Dave Burnet
- Full name: David Ronald Burnet
- Born: 8 September 1950 (age 75) Sydney, Australia
- School: Knox Grammar School

Rugby union career
- Position: Centre

International career
- Years: Team / Apps / (Points)
- 1972: Australia / 6 / (4)
- Rugby league career

Playing information
- Position: Centre
Club
| Years | Team | Pld | T | G | FG | P |
| 1974–75 | North Sydney Bears | 18 |  |  |  | 4 |

= Dave Burnet =

Australian rugby union international

David Ronald Burnet (born 8 September 1950) is an Australian former rugby union international who represented Australia in six Test matches. He also played rugby league for the North Sydney Bears.

Burnet was born in Sydney and attended Knox Grammar School.

A Gordon first-grade player, Burnet was an outside centre and made all of his Wallabies appearances in 1972, debuting in a home series against France. He kept his place for the tour of New Zealand that followed and he played in all three Tests, then scored his only Wallabies try in a one-off Test against Fiji in Suva.

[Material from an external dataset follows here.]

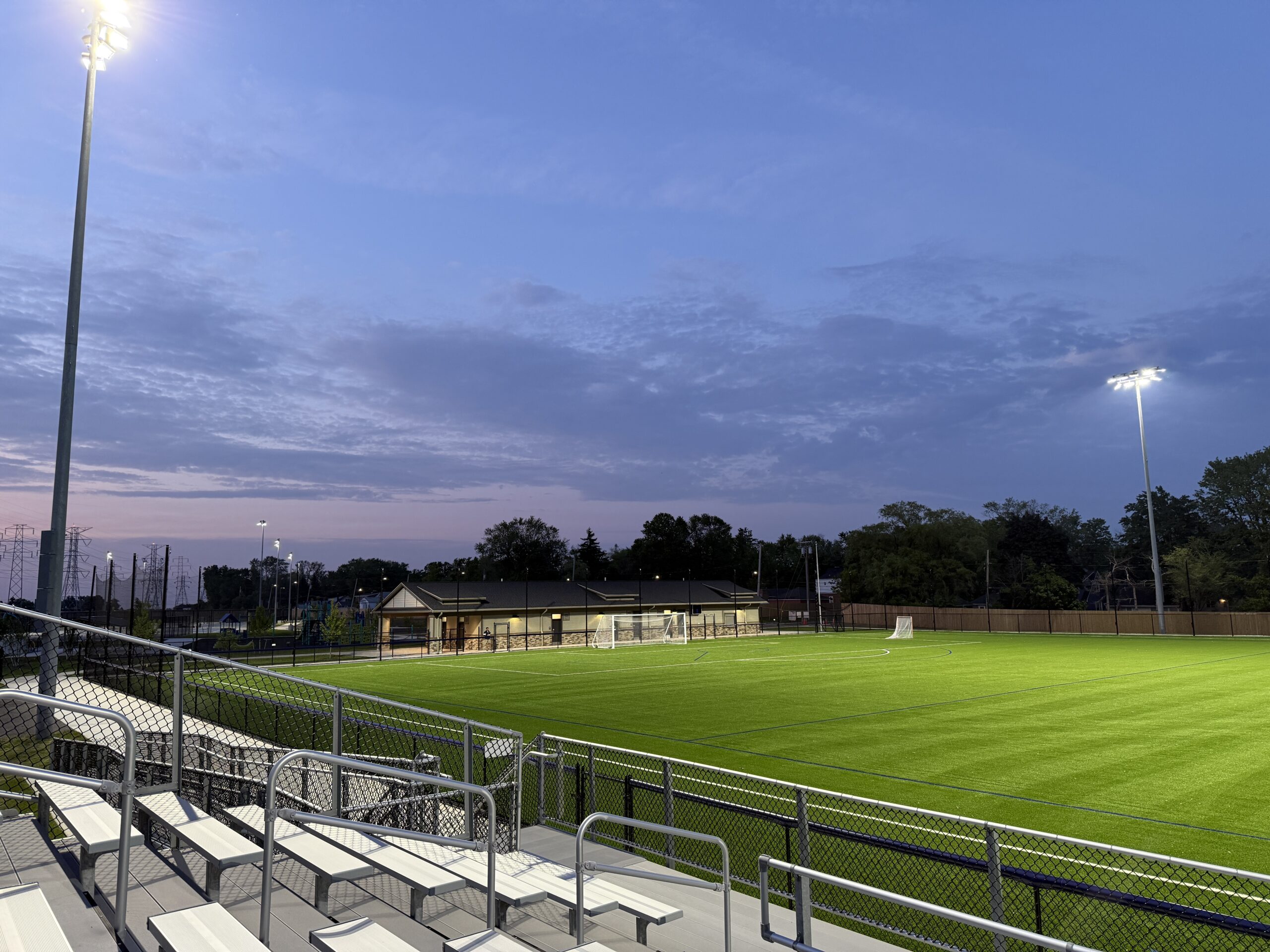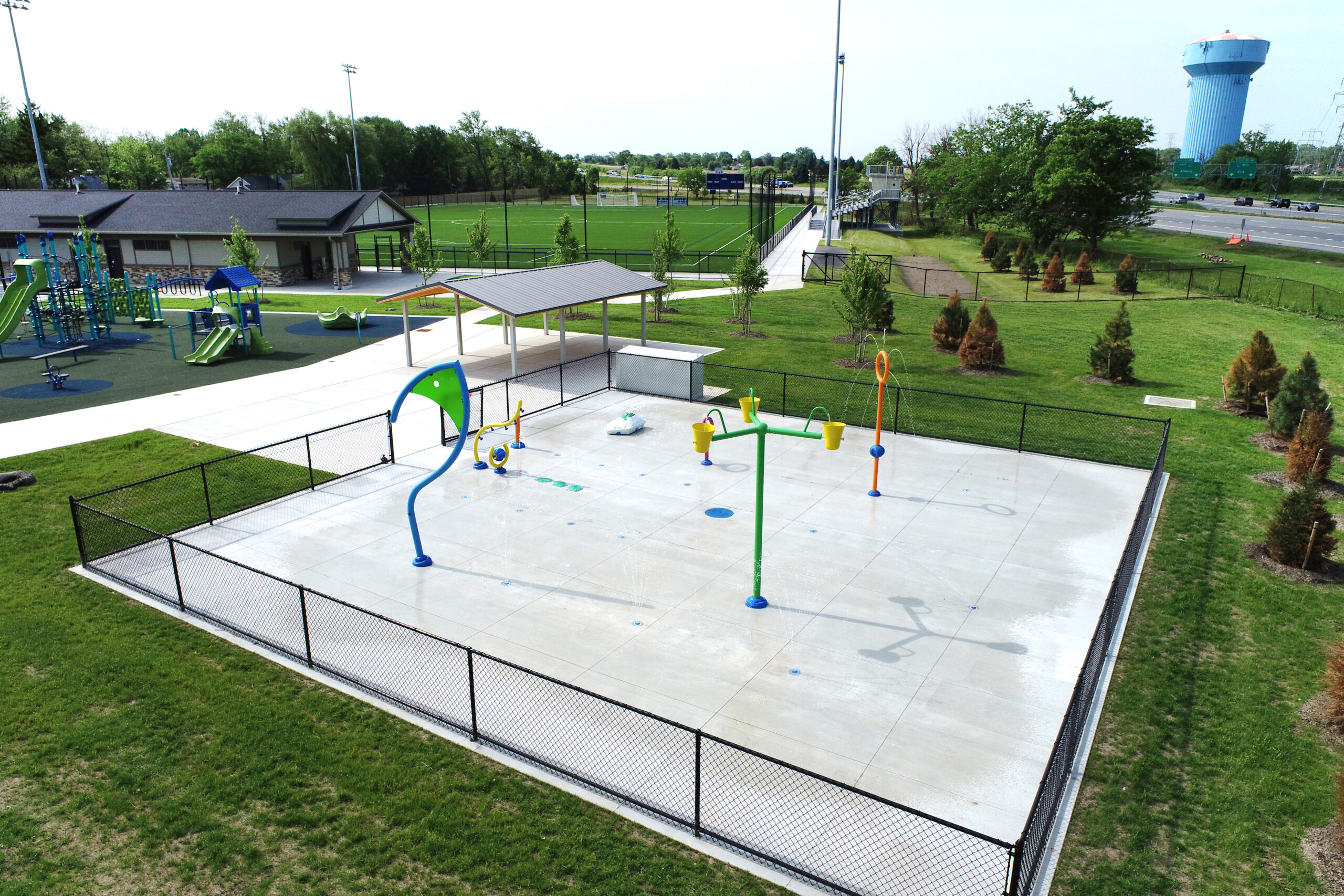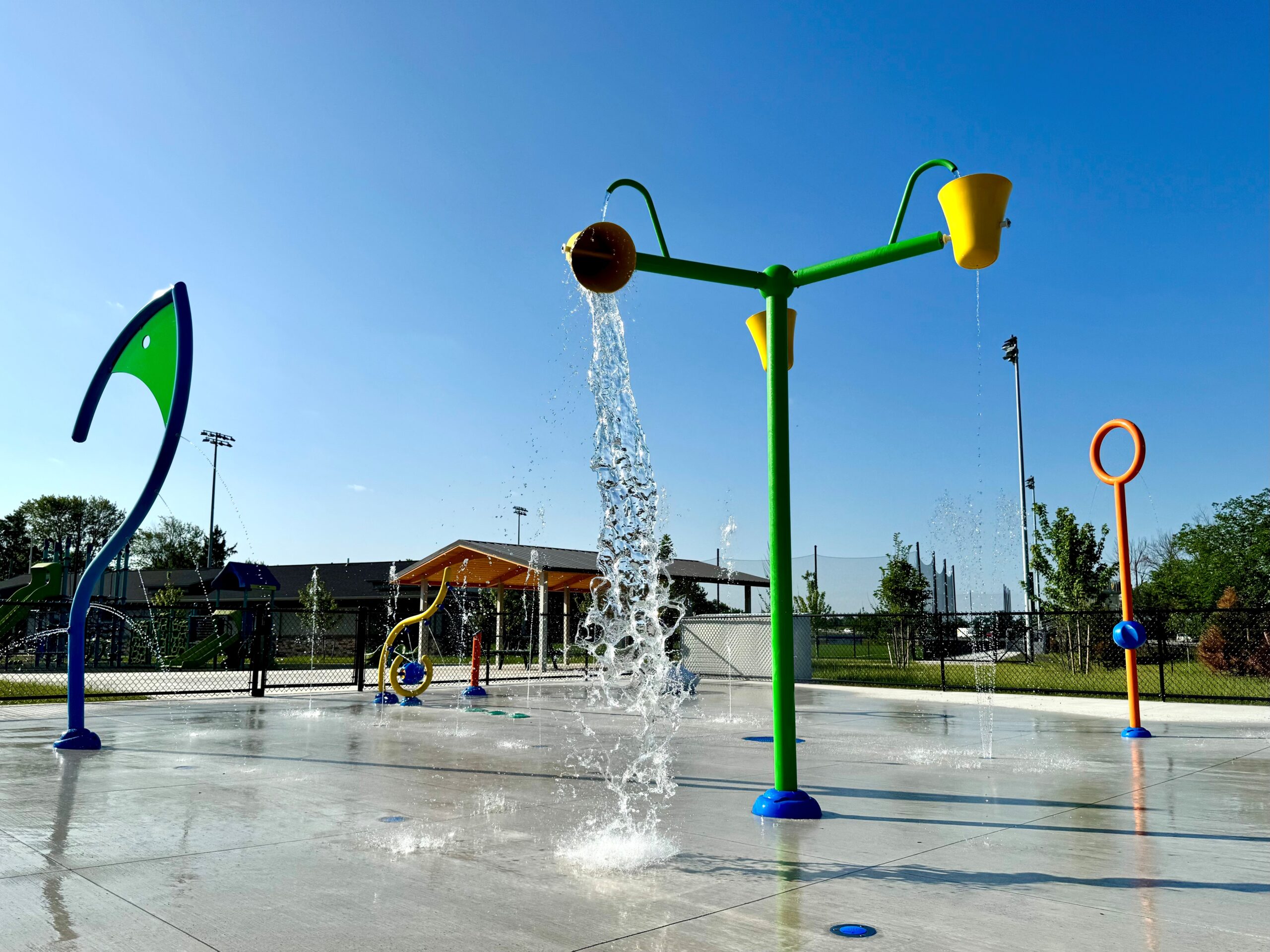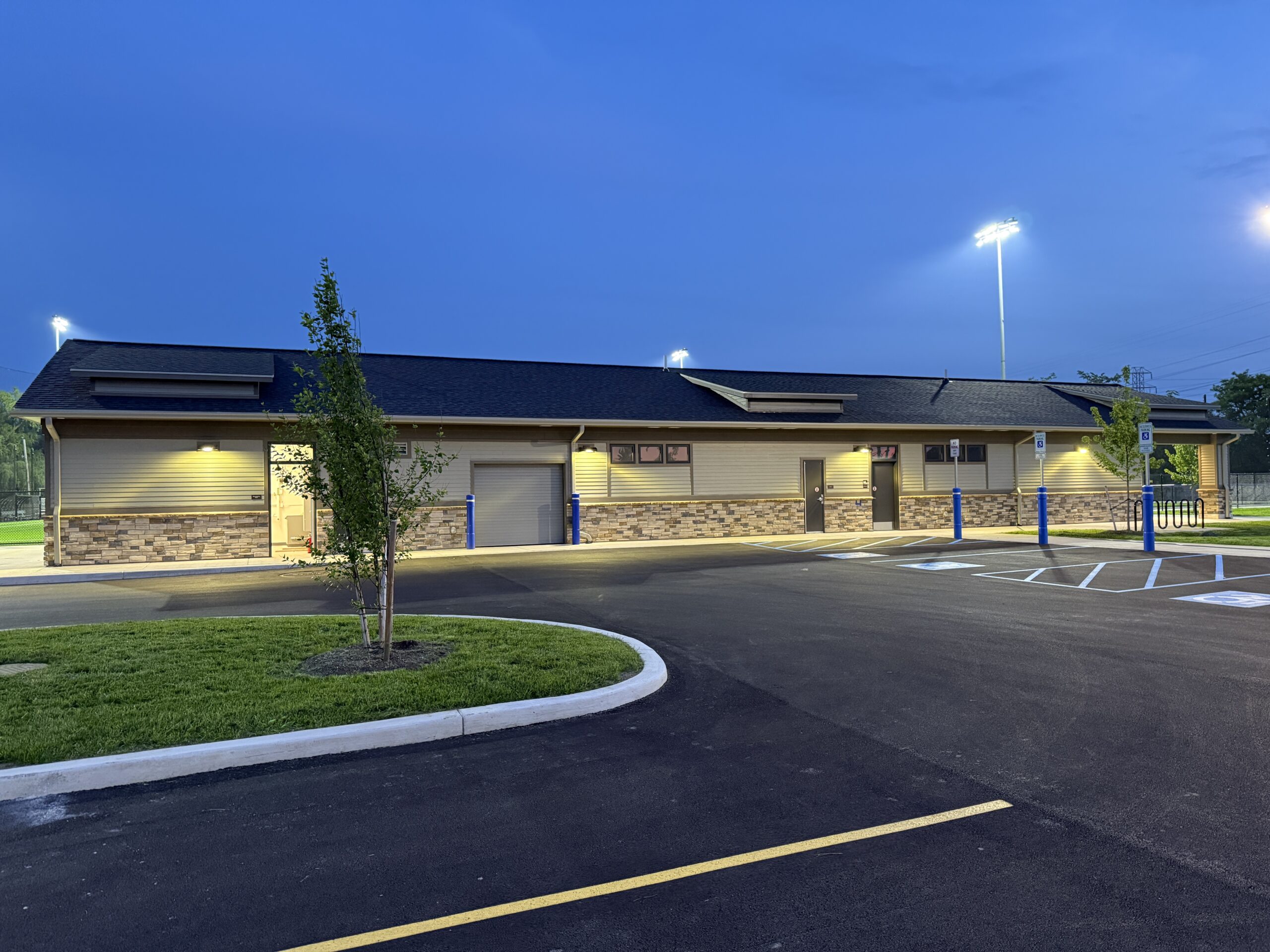 The completed work includes a new multi-use field built to NCAA Division II standards and a 3,300-square-foot field house featuring locker rooms, offices, a training room, concessions, storage, and fully accessible restrooms. The basketball court was resurfaced and updated with new equipment, while six tennis courts and two pickleball courts were added to accommodate growing interest in racket sports. Family-focused amenities such as a splash pad, a picnic pavilion, and a walking path with provisions for future adult fitness trails round out the enhancements.

Burnet converted to rugby league in 1974, signing a one-year contract with Manly Warringah. He featured in two pre-season matches for Manly Warringah but then struggled to maintain a spot in the reserves and requested to be released from his contract. North Sydney subsequently signed Burnet and he made 11 first-grade appearances in the 1974 NSWRFL season, with coach Noel Kelly naming him the side's most improved player. He spent one further season at North Sydney, playing another seven first-grade games in 1975.